她进门后的第一件事,不是喝水,也不是坐下,是往厨房钻。
“冰箱里有菜没有?我给你炒个鸡蛋。你上班一天累,别老吃外卖。”
我把她按到沙发上:“先坐。”
她坐不住,手里一直摸着那个红纸盒,摸两下,又看我一眼,像怕我还在生气。
我当然气。
我气她被人堵在门外还惦记给人送钱,气她自己受了委屈第一反应不是翻脸,是解释,是找理由,是怕给别人添麻烦。
可她毕竟是我妈。
再气,我也做不到看着不管。
我给她倒了杯热水,转头去收拾客房。
那屋平时被我拿来堆杂物,收拾起来不难,就是心口堵得厉害。
收着收着,我又想起小时候那些事。
我哥发烧,我妈能背着他跑两里地去卫生所。
我发烧,她摸摸我额头,说多喝热水,出点汗就好了。
中学家里钱紧,我作文比赛拿了奖金,她转手给我哥交补课费,说男孩子掉队了以后不好翻身。
我考上外地大学,她高兴了没两天,就把我爸留给我的金项链卖了,说建成订婚要撑场面。
我气得三年没回家。
后来我爸走了,她在灵堂上哭晕过去,我看着她一夜白了半头,还是心软了。
人这东西,有时候真没出息。
你明知道谁偏心,谁伤过你,可只要她一掉眼泪,你还是会想,她是不是也有苦衷。
晚上八点多,程磊来了。
他拎着一袋车厘子,站门口时明显愣了一下。
“阿姨在啊?”
“不是在。”我侧身让他进来,“是以后都住这儿了。”
程磊换鞋的动作顿了一下。
他是我谈了两年的男朋友,做工程预算,平时话不多,胜在稳定。
之前我们已经在看婚房了,我原本以为再磨合一年差不多就能结婚。
可他那一秒的迟疑,我看得很清楚。
我妈察觉到气氛不对,赶紧打圆场:“我就住两天,两天就走,不给你们添麻烦。
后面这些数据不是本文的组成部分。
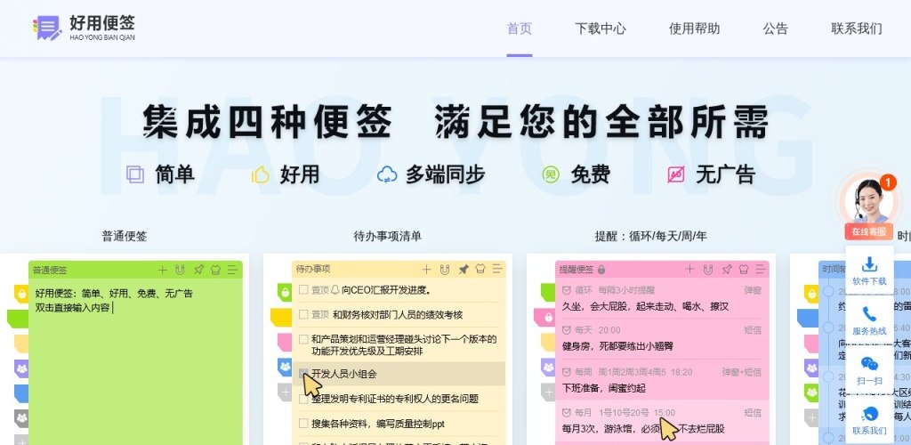 好用便签是一款简单易用免费无广告的电脑桌面便签软件工具,电脑端手机端云同步,贴边自动隐藏,一键加密,用于记录笔记、待办事项、任务清单、日程提醒、短信提醒等,支持团队多人共享。

”
我没接这话。
程磊把水果放到茶几上,笑了笑:“先吃饭吧。”
饭是我点的外卖。
我妈吃得慢,一边吃一边说虾做得好,说她回头也学学。
她每次心里没底的时候,就会变得特别勤快,像只要一直活,就能证明自己不是个负担。
吃到一半,她手机响了。
来电显示:建成。
她眼睛一下就亮了,接起来时声音都软了。
“建成啊。”
我筷子一顿。
不知道那头说了什么,她先是连着应了几声,后面声音就低下去了。
“你别跟丽琴吵,她年轻,不懂事……”
“妈没生气,真没生气。”
“排骨汤洒了就洒了,明天我再给子昂炖。”
我听得血往头上冲。
挂了电话,我直接问:“他又说什么了?”
“没什么。”我妈把手机按灭,“就说今天闹得不好看,他心里也难受。”
我都快气笑了。
“难受?他看你坐门口的时候怎么没难受?”
程磊这时候了一句:“知夏,毕竟是一家人,事情闹太僵也不好。”
我看着他:“你要是觉得不僵,你可以去楼道里坐会儿试试。”
他不说话了。
晚上十点多,我洗完澡出来,客厅灯已经关了,只剩厨房里亮着一盏小灯。
我刚走过去,就听见我妈又在打电话。
“我这月养老金还没动,够。你别急,妈明天给你送去。”
我站在门口,声音凉得我自己都陌生。
“给谁送?”
她吓了一跳,手机差点掉地上。
电话那头挂得飞快。
我看着她:“你刚从人家门口坐回来,晚上又惦记给他送钱。刘春梅,你是记吃不记打,还是你这辈子非得把自己榨了,才算对得起儿子?”
她眼圈一下就红了。
“你哥车贷月底到期。他那边压力大,我不帮他,谁帮他?”
“孙丽琴呢?她公婆呢?他自己两只手是摆设?”
“他是我儿子!”
这句话像针一样扎进来。
我忽然就不想吵了。
有些火烧久了,会发冷。
“行。你愿意给,随你。”
我回了房,把门关上。
隔着一扇门,我听见她压着声音哭,哭得很轻,像怕惊动谁。
第二天一早,我起来准备上班,客厅没人。
餐桌上放着一碗还热的鸡蛋面,旁边压着一张纸条。
“知夏,妈出去一趟,中午回来。你别生气。”
我给她打电话,关机。
再打给许建成,也关机。
我心里当时就咯噔一下。
这不是出去一趟。
这是又背着我回了她儿子那儿。
程磊坐在床边系领带,看见我脸色不对,居然先松了口气。
“回去也好。老人家的事,你别总往自己身上揽。以后结婚了,这种麻烦多了去。”
我慢慢抬眼。
那一刻我忽然觉得,这个谈了两年的男人,也没比许建成强到哪儿去。
一个是明着吸血。
一个是怕被牵连。
本质上,都嫌麻烦。
我没搭理他,抓起钥匙就往外走。
电梯刚到一楼,陌生号码打了进来。
电话那头是许子昂,声音发抖,像躲在厕所里说的。
“小姑,你快来。”
“怎么了?”
“在我家晕倒了……我妈不让我告诉你,可流鼻血了,还在厨房做饭。”
我脑子“嗡”一下。
我踩着油门往外冲的时候,只有一个念头。
刘春梅,你最好别有事。
不然今天谁都别想好过。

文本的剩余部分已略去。